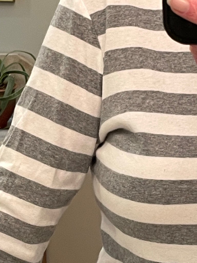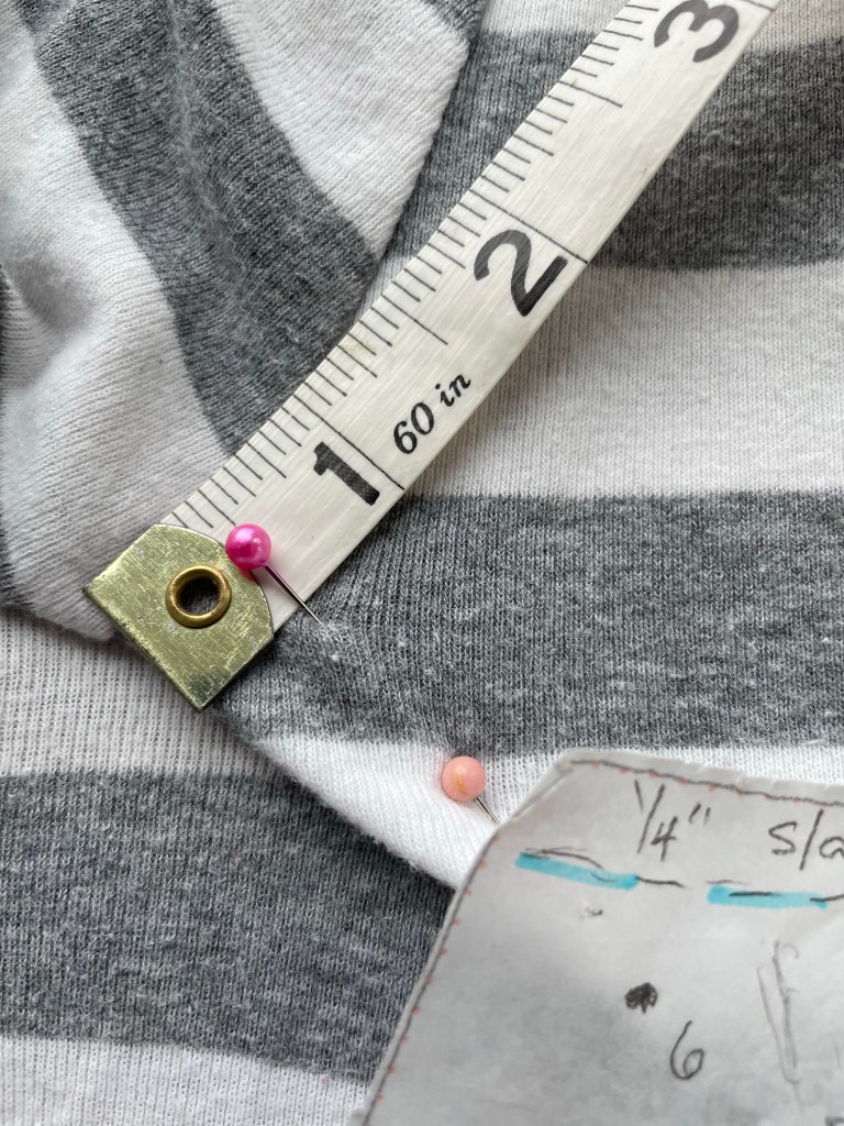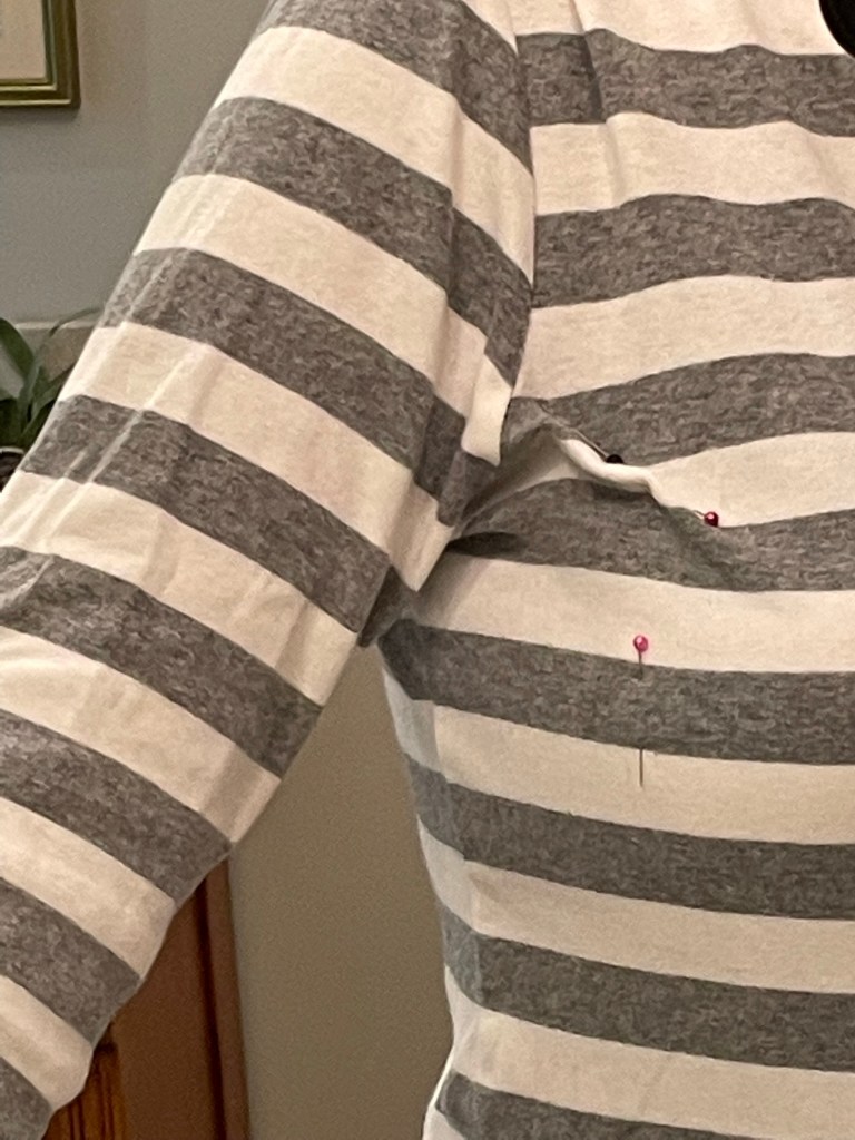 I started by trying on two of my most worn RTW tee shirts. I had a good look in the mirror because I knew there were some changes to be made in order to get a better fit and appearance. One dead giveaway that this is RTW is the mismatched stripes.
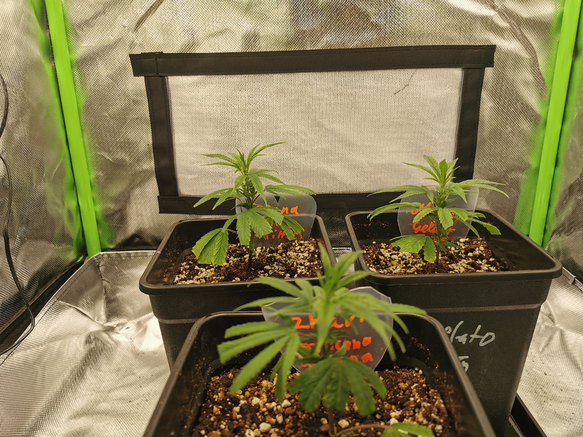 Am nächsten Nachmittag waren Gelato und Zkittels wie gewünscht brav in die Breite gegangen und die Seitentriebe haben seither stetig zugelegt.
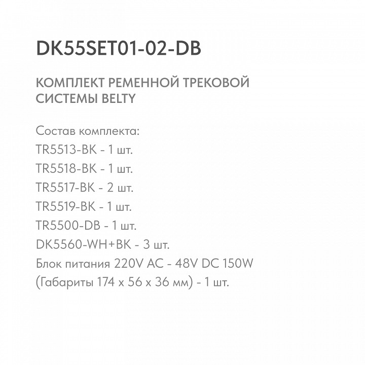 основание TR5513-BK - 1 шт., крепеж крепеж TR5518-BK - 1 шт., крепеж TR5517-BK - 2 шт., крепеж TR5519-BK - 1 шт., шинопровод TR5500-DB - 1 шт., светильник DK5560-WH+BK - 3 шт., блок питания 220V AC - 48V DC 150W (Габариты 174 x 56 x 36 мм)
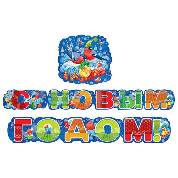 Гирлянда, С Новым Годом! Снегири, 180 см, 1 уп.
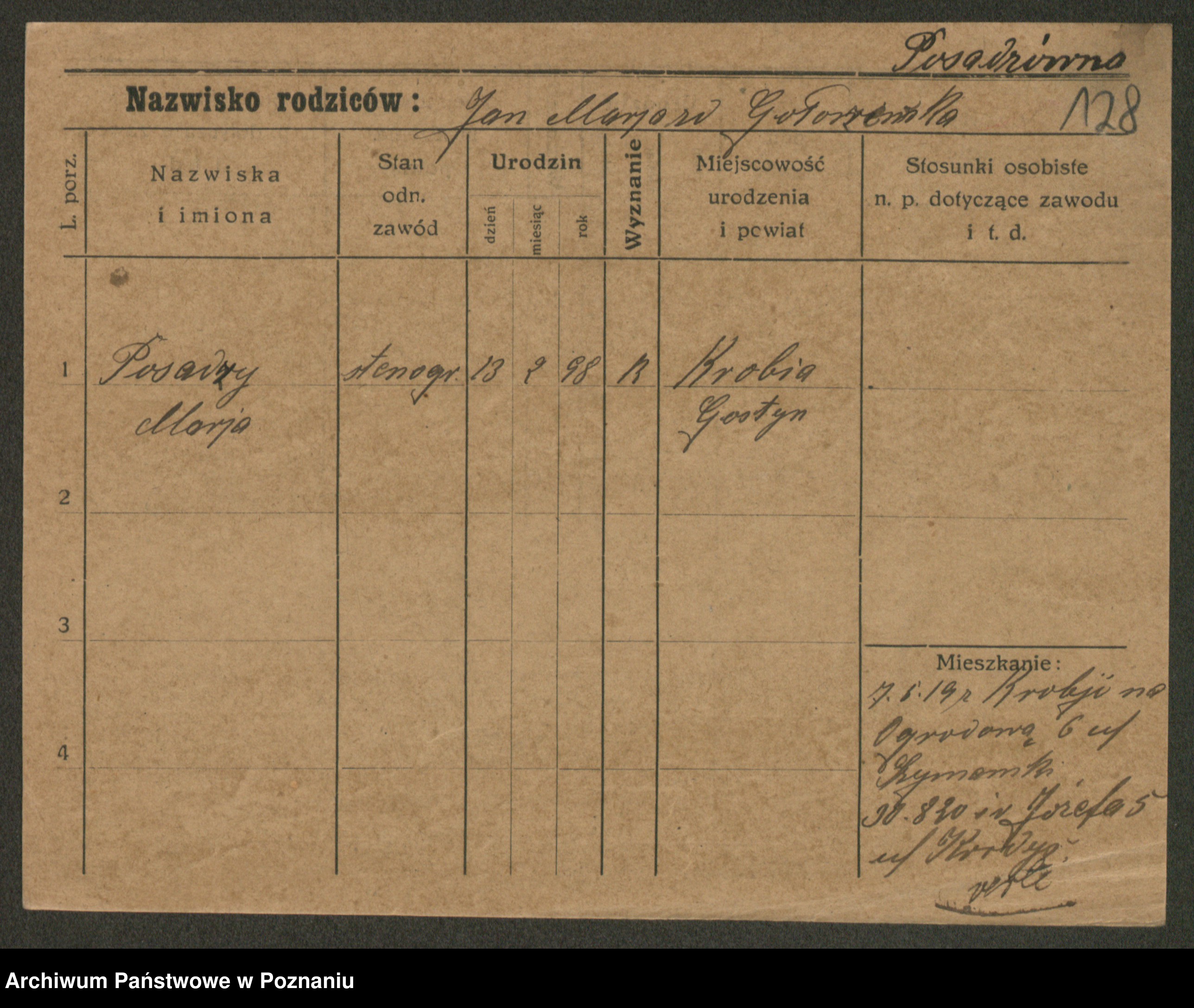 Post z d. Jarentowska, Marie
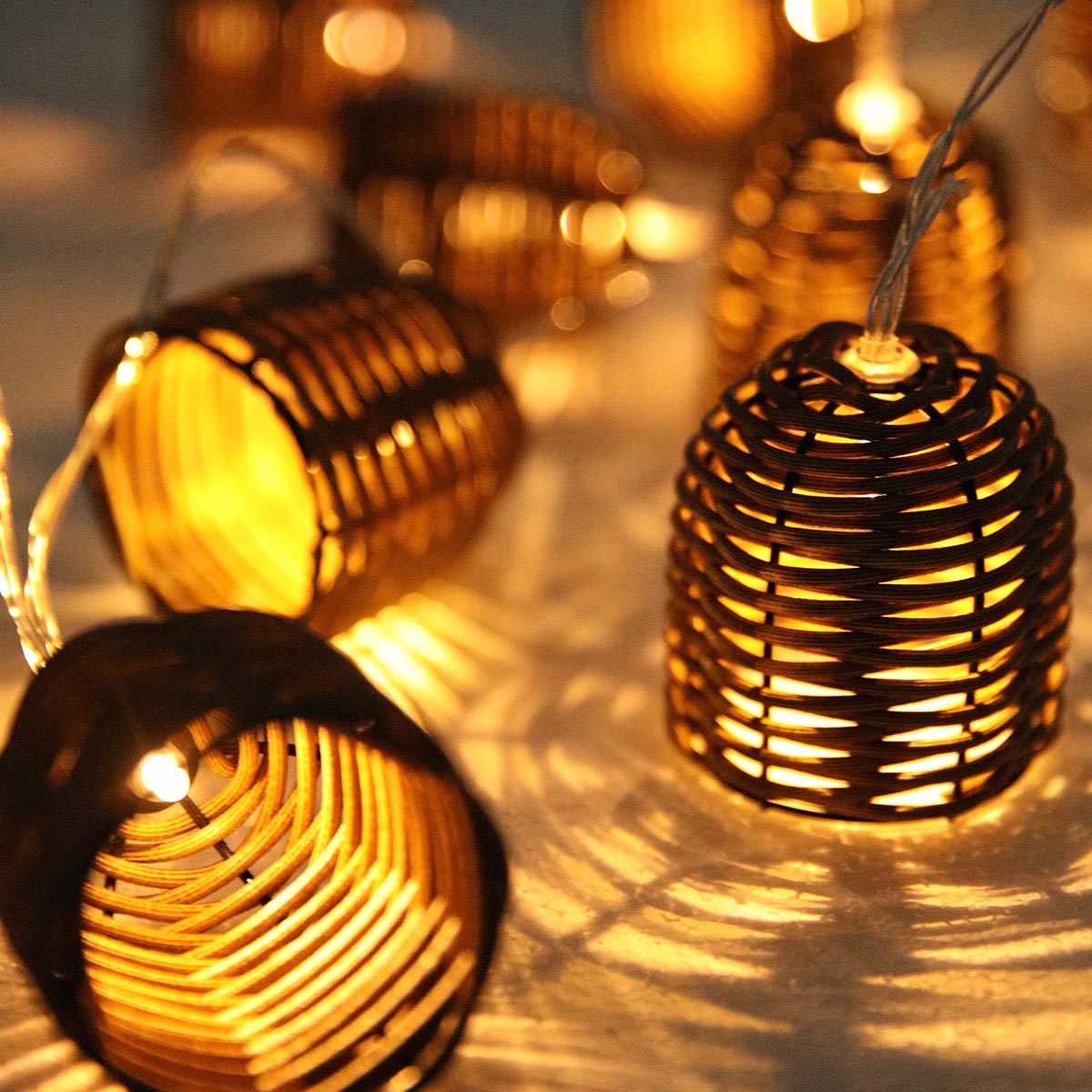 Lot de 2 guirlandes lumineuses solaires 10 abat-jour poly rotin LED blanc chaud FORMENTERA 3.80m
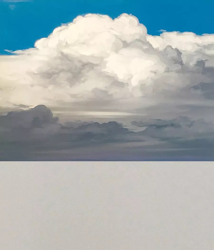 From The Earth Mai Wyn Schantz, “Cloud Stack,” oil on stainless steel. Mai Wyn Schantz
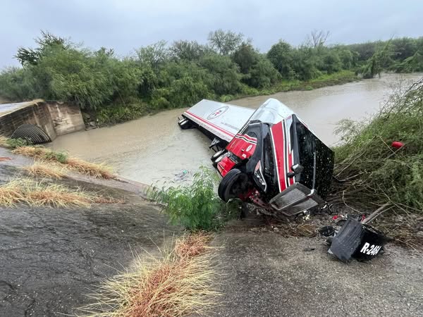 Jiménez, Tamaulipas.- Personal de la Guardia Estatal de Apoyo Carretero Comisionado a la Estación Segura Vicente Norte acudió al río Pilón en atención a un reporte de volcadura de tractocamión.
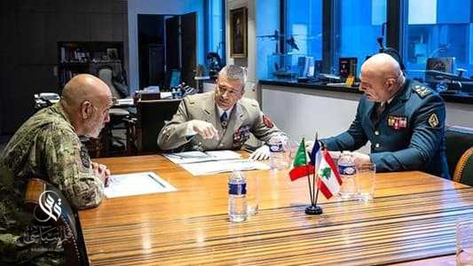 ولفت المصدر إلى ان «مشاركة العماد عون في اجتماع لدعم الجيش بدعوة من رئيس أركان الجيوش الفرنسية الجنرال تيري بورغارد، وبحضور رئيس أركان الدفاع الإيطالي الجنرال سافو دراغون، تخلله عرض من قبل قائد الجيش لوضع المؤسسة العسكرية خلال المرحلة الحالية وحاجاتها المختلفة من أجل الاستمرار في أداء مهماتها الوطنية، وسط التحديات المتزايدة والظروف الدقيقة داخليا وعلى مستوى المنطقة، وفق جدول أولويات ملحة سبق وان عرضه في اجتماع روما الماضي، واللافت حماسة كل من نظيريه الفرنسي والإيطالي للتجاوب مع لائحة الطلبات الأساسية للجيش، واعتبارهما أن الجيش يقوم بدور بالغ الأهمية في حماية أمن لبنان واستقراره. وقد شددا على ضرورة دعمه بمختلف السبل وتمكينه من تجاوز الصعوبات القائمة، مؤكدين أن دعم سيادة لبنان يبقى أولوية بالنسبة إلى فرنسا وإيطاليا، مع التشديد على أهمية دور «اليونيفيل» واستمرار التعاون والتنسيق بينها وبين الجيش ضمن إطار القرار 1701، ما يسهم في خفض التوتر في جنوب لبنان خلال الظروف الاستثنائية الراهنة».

----------------

▶ _EXERCISE AIM_: An exact copy is needed of the stretch above that opens with the line containing "Post z d. Jarentowska, Marie" and closes with the line containing "Jiménez, Tamaulipas.- Personal"; the pictures are not part of it.

▶ _RESPONSE AREA_:
 Post z d. Jarentowska, Marie
 Lot de 2 guirlandes lumineuses solaires 10 abat-jour poly rotin LED blanc chaud FORMENTERA 3.80m
 From The Earth Mai Wyn Schantz, “Cloud Stack,” oil on stainless steel. Mai Wyn Schantz
 Jiménez, Tamaulipas.- Personal de la Guardia Estatal de Apoyo Carretero Comisionado a la Estación Segura Vicente Norte acudió al río Pilón en atención a un reporte de volcadura de tractocamión.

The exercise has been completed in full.